(Stored data)
##########
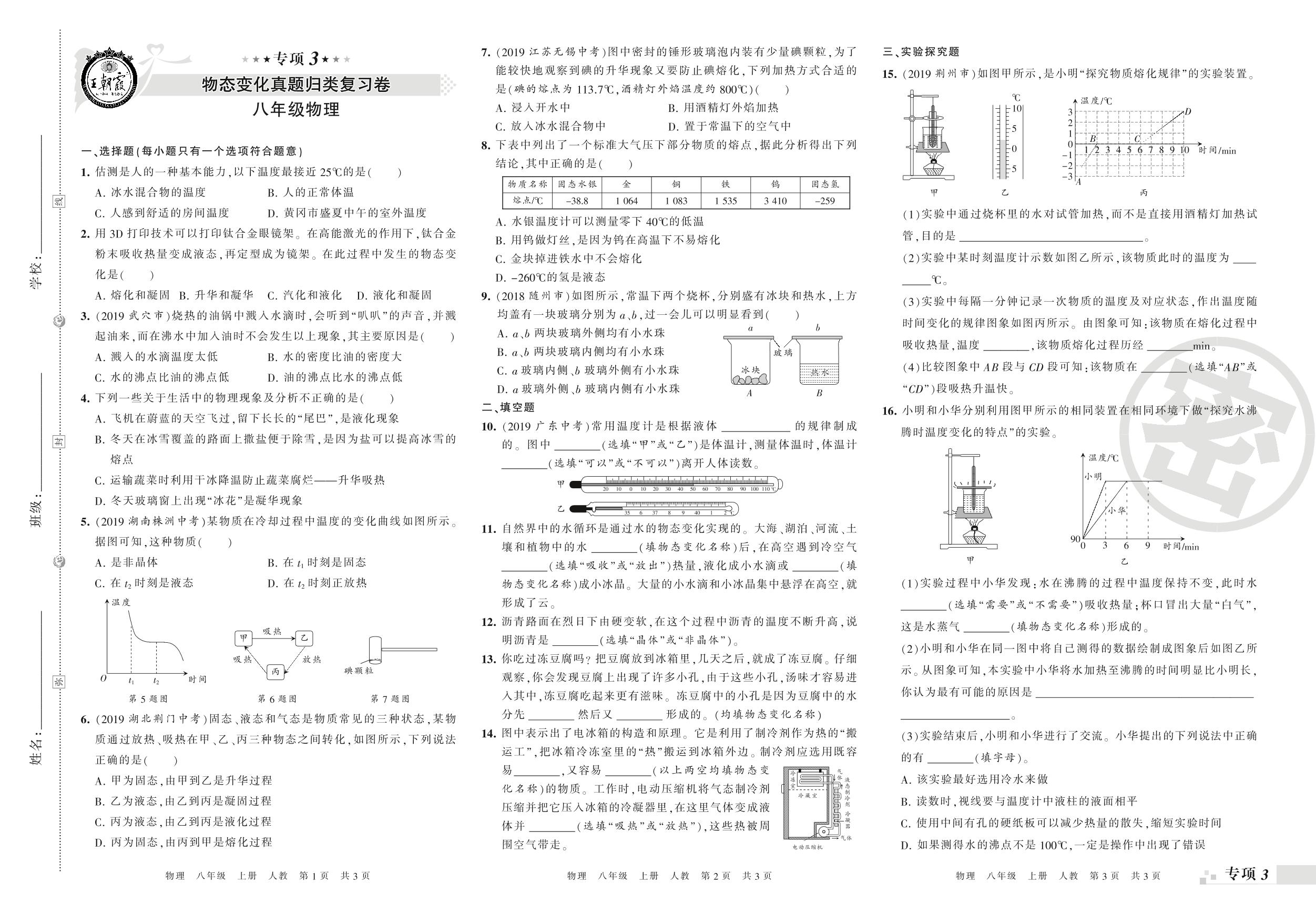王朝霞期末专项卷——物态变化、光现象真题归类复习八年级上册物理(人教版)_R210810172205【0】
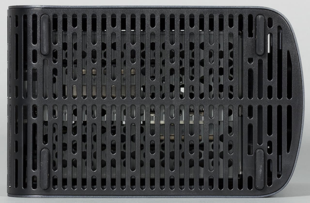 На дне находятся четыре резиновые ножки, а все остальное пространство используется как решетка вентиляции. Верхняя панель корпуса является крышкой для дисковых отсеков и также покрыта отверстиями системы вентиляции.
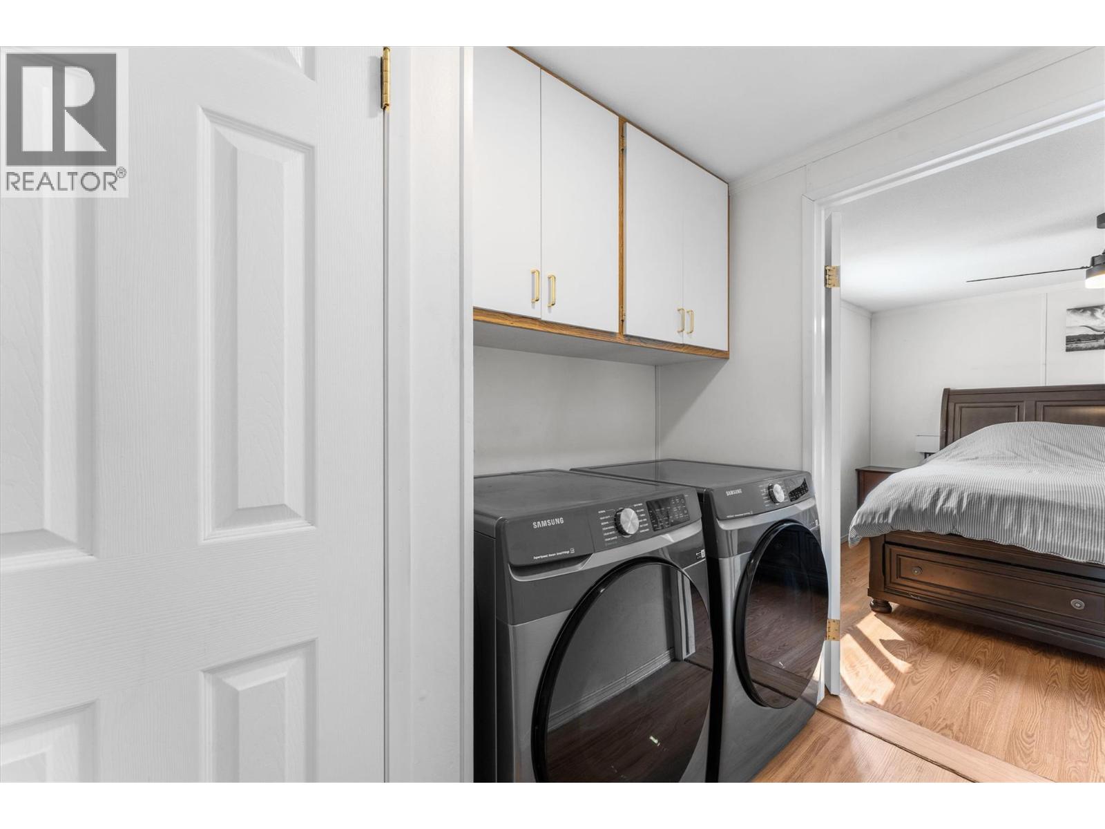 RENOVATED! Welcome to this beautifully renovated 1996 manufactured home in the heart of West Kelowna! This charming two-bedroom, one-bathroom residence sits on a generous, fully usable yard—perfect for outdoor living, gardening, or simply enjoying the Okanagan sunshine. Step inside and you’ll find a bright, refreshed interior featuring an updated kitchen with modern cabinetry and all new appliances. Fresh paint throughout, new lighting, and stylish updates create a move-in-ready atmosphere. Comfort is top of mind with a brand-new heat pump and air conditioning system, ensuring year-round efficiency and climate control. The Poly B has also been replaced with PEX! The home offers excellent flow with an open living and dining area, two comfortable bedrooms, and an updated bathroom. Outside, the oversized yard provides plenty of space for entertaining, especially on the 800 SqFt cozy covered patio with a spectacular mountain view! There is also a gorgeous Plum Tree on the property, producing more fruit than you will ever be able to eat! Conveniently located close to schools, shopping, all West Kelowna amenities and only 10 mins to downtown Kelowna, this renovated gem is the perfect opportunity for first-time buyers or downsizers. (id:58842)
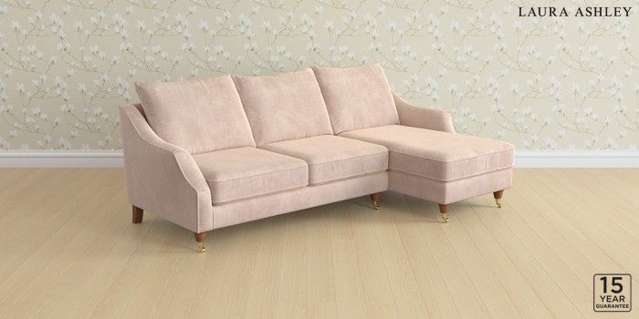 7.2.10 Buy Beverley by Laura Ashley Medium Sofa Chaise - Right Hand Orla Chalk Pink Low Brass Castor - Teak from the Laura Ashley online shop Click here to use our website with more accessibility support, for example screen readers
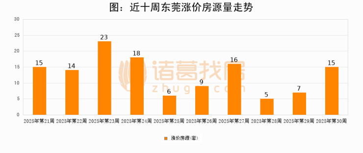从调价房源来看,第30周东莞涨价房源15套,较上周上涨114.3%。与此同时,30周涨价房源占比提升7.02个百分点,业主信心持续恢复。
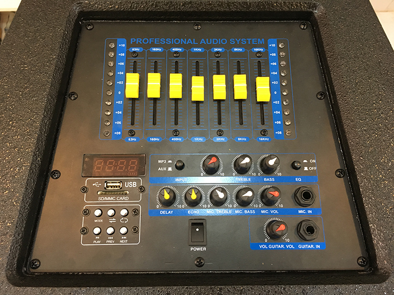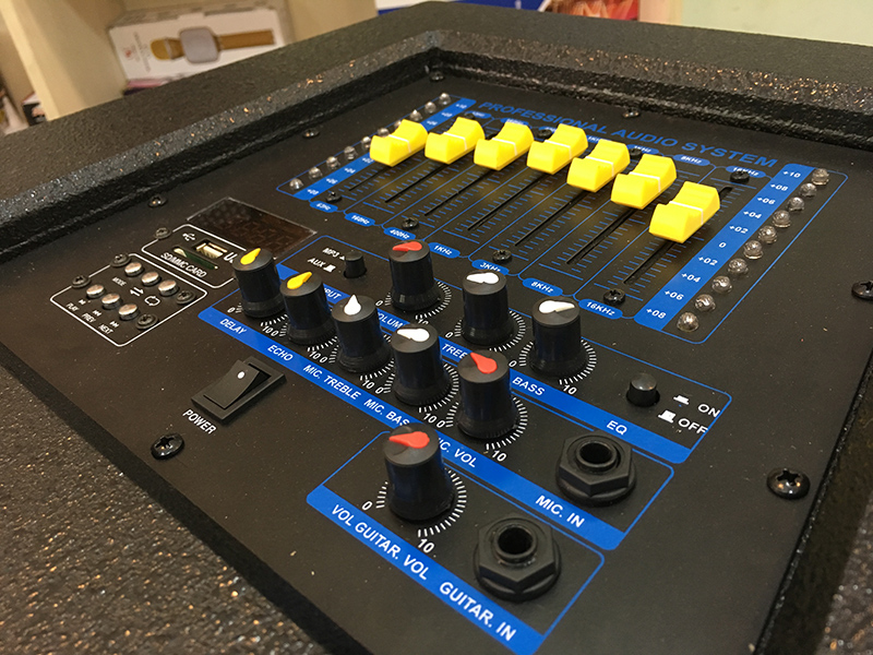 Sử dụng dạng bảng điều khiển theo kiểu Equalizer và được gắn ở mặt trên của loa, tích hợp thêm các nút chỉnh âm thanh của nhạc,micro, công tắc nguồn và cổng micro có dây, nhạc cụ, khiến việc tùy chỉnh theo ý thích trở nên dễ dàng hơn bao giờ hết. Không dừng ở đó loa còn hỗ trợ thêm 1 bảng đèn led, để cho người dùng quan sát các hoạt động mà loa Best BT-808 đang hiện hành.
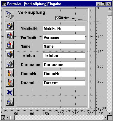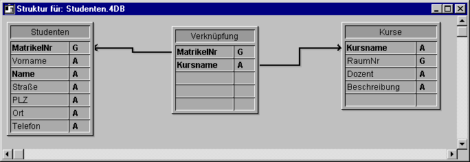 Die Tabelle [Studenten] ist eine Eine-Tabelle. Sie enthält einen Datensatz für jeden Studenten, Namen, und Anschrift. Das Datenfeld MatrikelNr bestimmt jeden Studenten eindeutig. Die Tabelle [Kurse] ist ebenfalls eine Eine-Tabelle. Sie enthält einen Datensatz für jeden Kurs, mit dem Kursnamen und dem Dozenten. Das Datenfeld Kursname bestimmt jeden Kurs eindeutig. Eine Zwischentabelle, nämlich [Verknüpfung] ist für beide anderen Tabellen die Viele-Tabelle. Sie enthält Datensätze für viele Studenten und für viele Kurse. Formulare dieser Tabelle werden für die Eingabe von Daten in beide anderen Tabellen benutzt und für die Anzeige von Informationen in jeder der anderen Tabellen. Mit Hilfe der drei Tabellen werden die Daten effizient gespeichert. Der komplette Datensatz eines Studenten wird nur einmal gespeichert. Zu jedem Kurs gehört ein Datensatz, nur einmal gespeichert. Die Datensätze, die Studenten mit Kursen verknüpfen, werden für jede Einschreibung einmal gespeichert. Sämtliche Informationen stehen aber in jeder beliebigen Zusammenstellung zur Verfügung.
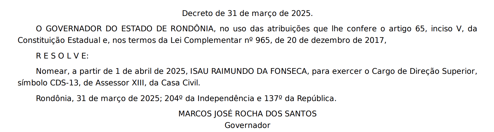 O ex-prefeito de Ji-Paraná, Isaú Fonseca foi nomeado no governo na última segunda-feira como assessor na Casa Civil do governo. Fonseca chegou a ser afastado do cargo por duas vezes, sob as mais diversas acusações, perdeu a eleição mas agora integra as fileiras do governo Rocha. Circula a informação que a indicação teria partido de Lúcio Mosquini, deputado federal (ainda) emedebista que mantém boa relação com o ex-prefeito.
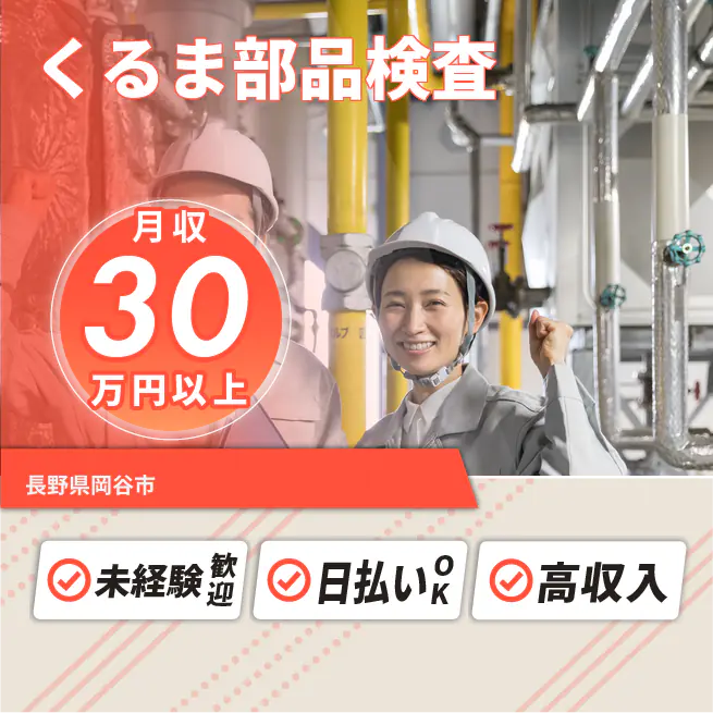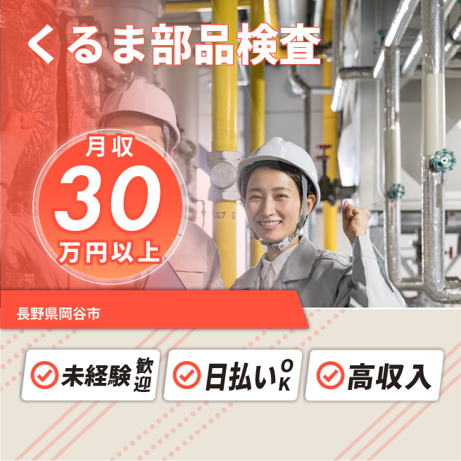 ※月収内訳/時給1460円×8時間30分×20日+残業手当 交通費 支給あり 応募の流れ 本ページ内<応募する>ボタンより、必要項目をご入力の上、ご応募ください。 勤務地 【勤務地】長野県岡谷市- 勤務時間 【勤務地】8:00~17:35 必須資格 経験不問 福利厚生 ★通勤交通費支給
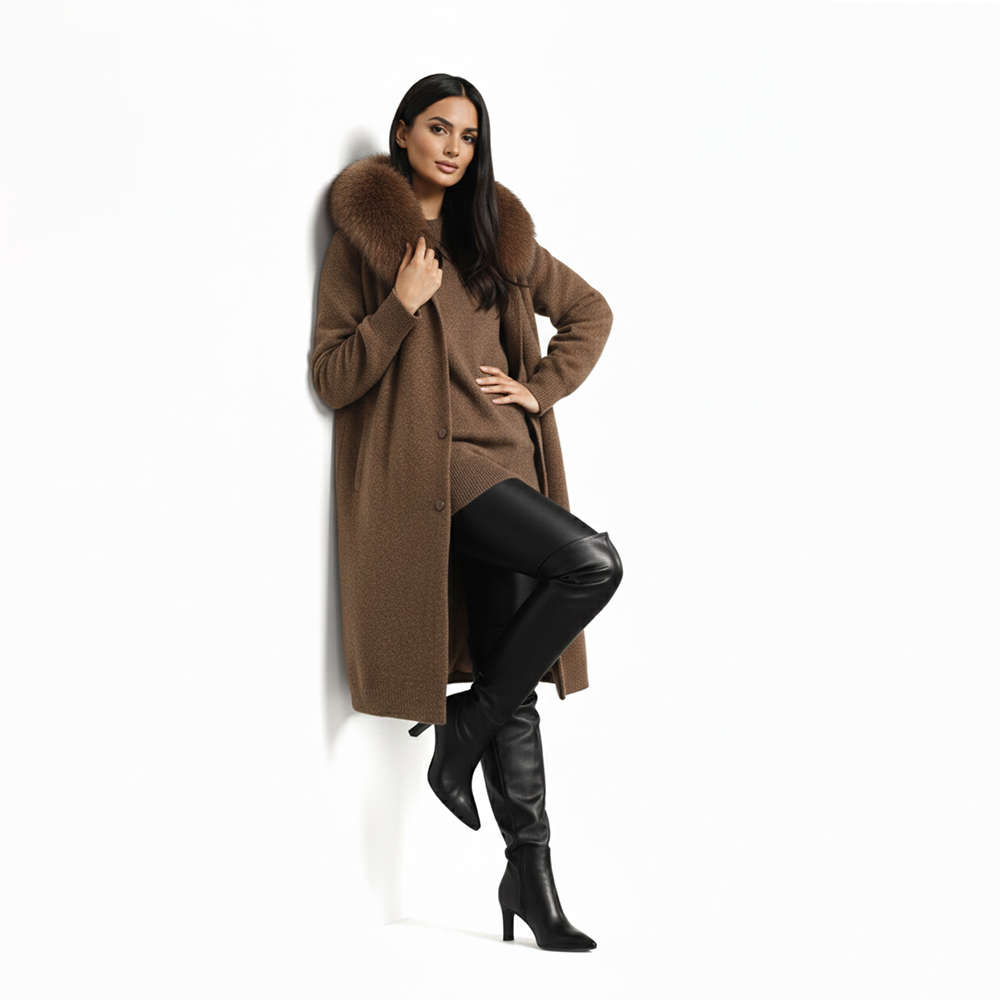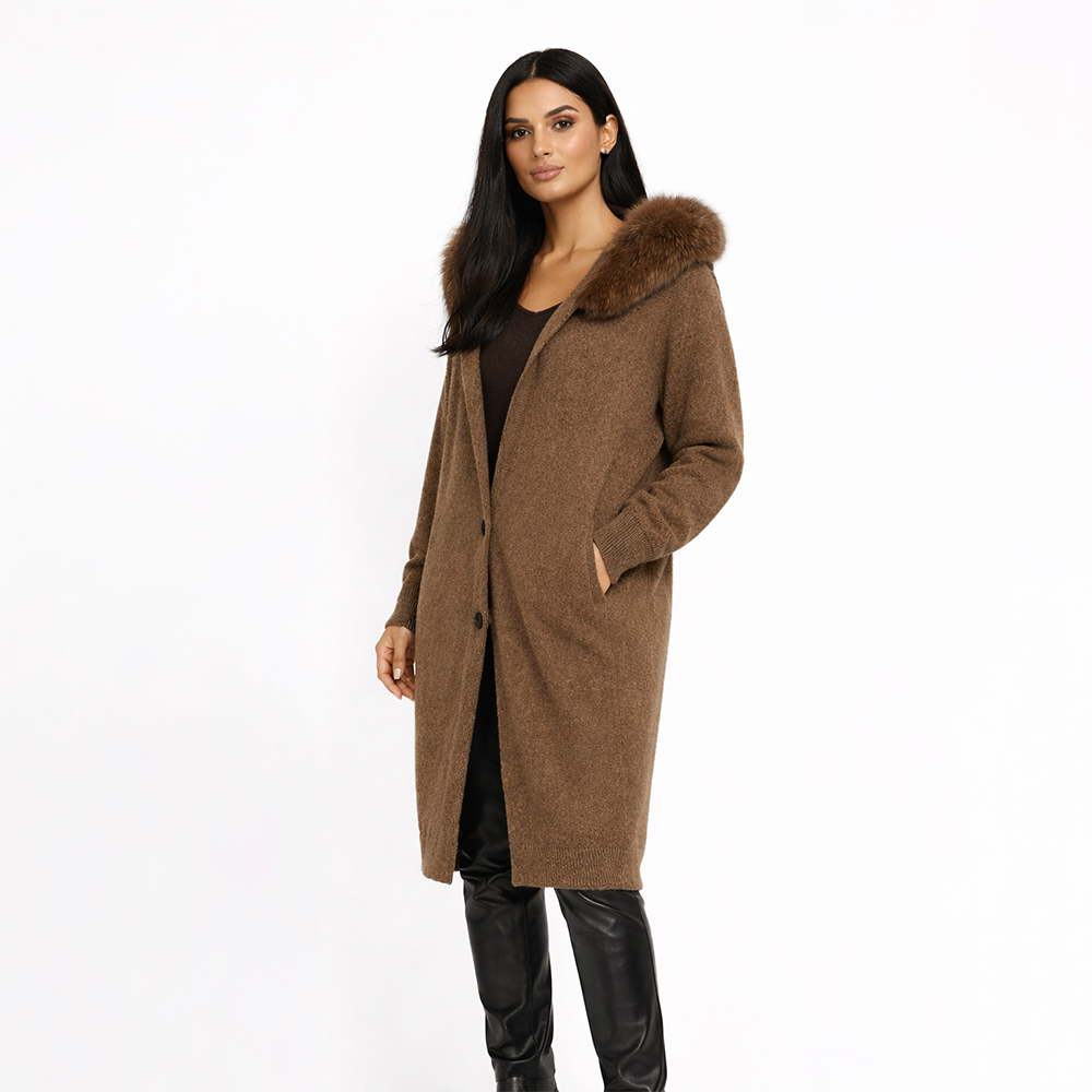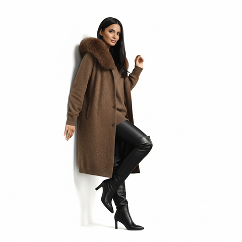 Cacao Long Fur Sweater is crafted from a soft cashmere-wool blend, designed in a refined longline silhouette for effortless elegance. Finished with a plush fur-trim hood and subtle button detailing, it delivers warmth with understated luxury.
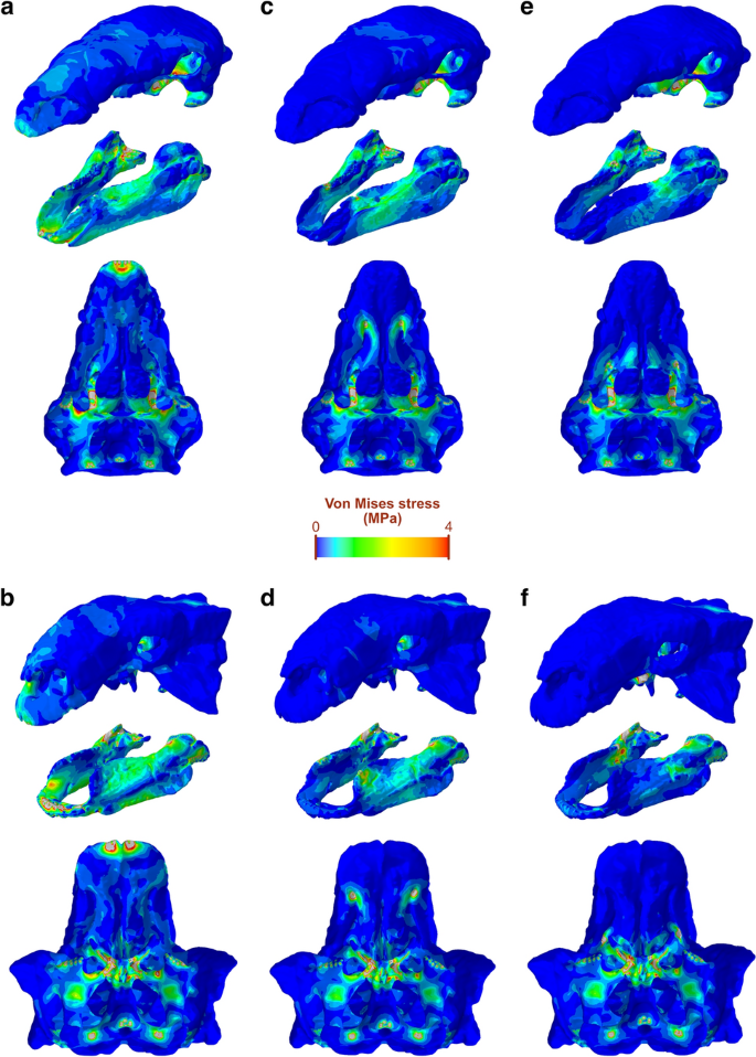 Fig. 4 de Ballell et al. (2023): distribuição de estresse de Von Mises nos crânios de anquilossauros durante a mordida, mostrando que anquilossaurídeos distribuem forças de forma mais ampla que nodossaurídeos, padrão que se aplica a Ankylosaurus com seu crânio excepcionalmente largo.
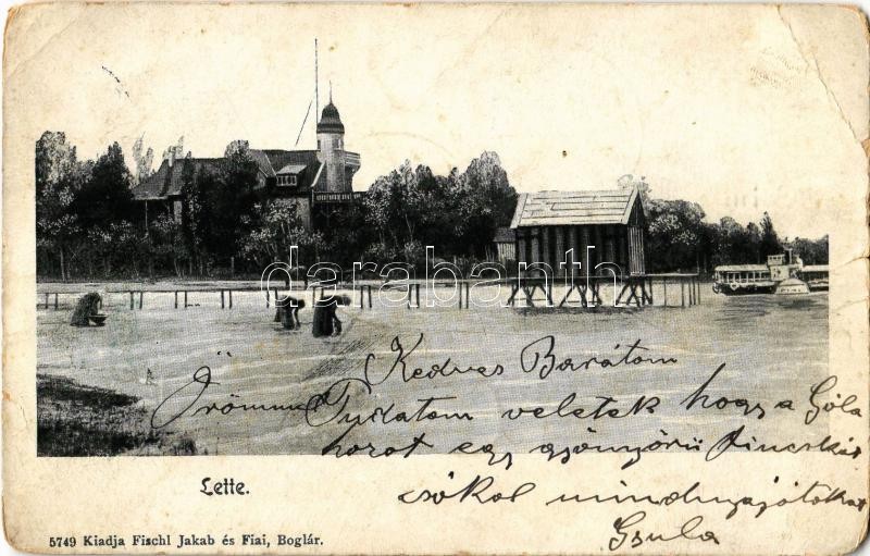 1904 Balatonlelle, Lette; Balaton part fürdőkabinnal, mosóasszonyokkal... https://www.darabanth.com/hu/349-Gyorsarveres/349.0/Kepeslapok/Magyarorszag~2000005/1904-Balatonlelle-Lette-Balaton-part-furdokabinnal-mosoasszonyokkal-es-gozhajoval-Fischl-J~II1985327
##########
Extract, word for word, each line from the one that contains "Fig. 4 de Ballell" through the final line of the data above. Leave the pictures out.

 Fig. 4 de Ballell et al. (2023): distribuição de estresse de Von Mises nos crânios de anquilossauros durante a mordida, mostrando que anquilossaurídeos distribuem forças de forma mais ampla que nodossaurídeos, padrão que se aplica a Ankylosaurus com seu crânio excepcionalmente largo.
 1904 Balatonlelle, Lette; Balaton part fürdőkabinnal, mosóasszonyokkal... https://www.darabanth.com/hu/349-Gyorsarveres/349.0/Kepeslapok/Magyarorszag~2000005/1904-Balatonlelle-Lette-Balaton-part-furdokabinnal-mosoasszonyokkal-es-gozhajoval-Fischl-J~II1985327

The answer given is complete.